== DATA SEGMENT ==

>>>

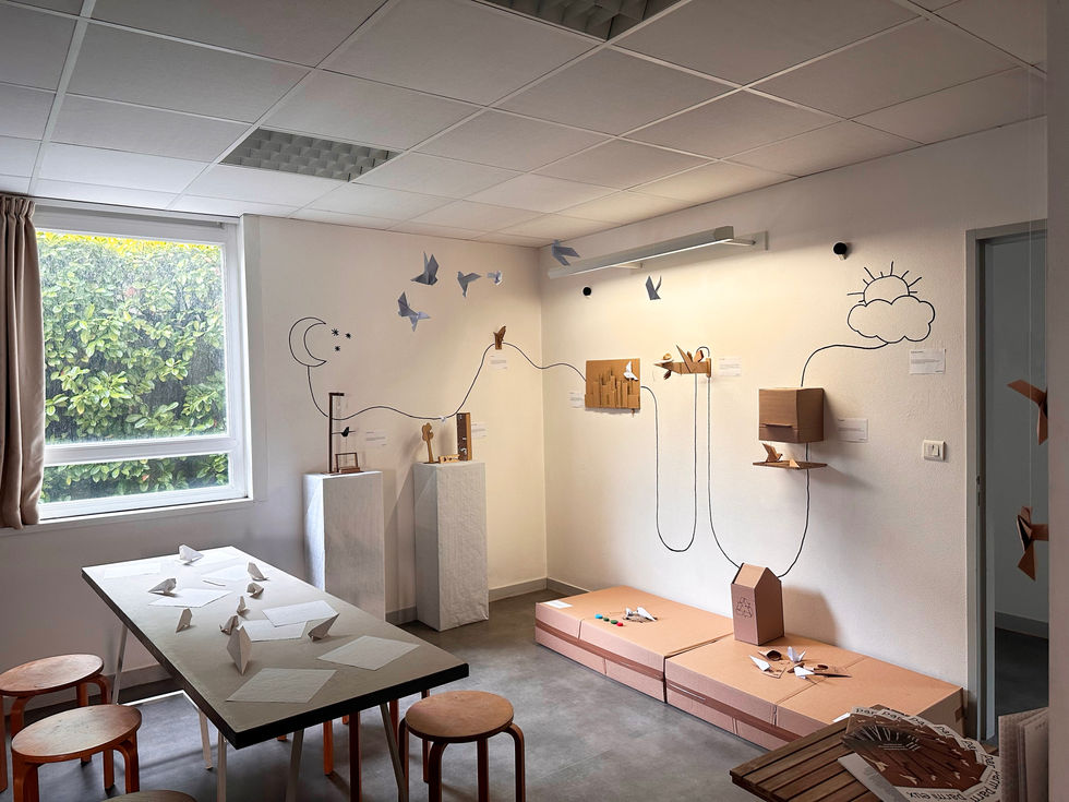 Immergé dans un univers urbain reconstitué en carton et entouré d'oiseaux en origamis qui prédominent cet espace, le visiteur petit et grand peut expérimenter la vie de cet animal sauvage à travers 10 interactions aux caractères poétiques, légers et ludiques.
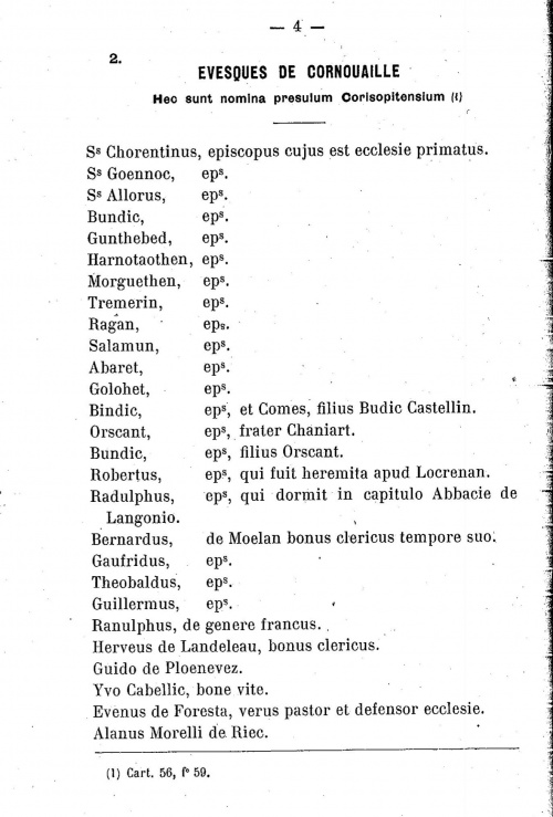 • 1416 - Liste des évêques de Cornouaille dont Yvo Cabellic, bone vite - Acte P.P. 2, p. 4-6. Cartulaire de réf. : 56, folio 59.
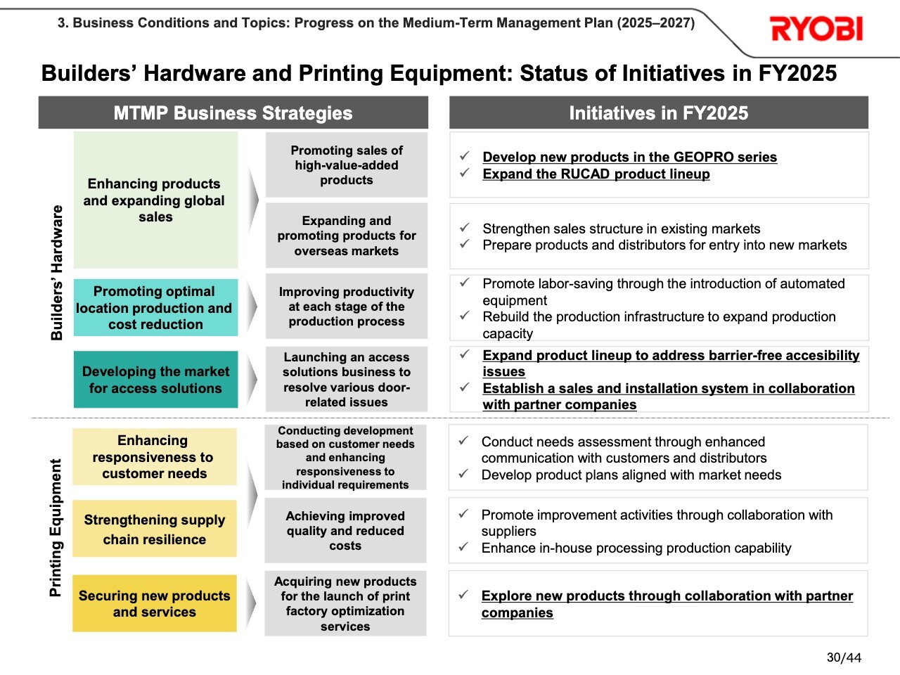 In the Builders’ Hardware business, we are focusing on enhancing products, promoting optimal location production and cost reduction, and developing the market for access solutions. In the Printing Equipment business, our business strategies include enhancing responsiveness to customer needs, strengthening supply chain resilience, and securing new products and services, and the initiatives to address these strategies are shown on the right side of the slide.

<<<

== DESCRIPTION OF THE TASK ==
In the listing, find the line containing "56, folio 59." and repeat it and every later line through the last one, word for word, excluding the pictures.

== EXERCISE ANSWER ==
 • 1416 - Liste des évêques de Cornouaille dont Yvo Cabellic, bone vite - Acte P.P. 2, p. 4-6. Cartulaire de réf. : 56, folio 59.
 In the Builders’ Hardware business, we are focusing on enhancing products, promoting optimal location production and cost reduction, and developing the market for access solutions. In the Printing Equipment business, our business strategies include enhancing responsiveness to customer needs, strengthening supply chain resilience, and securing new products and services, and the initiatives to address these strategies are shown on the right side of the slide.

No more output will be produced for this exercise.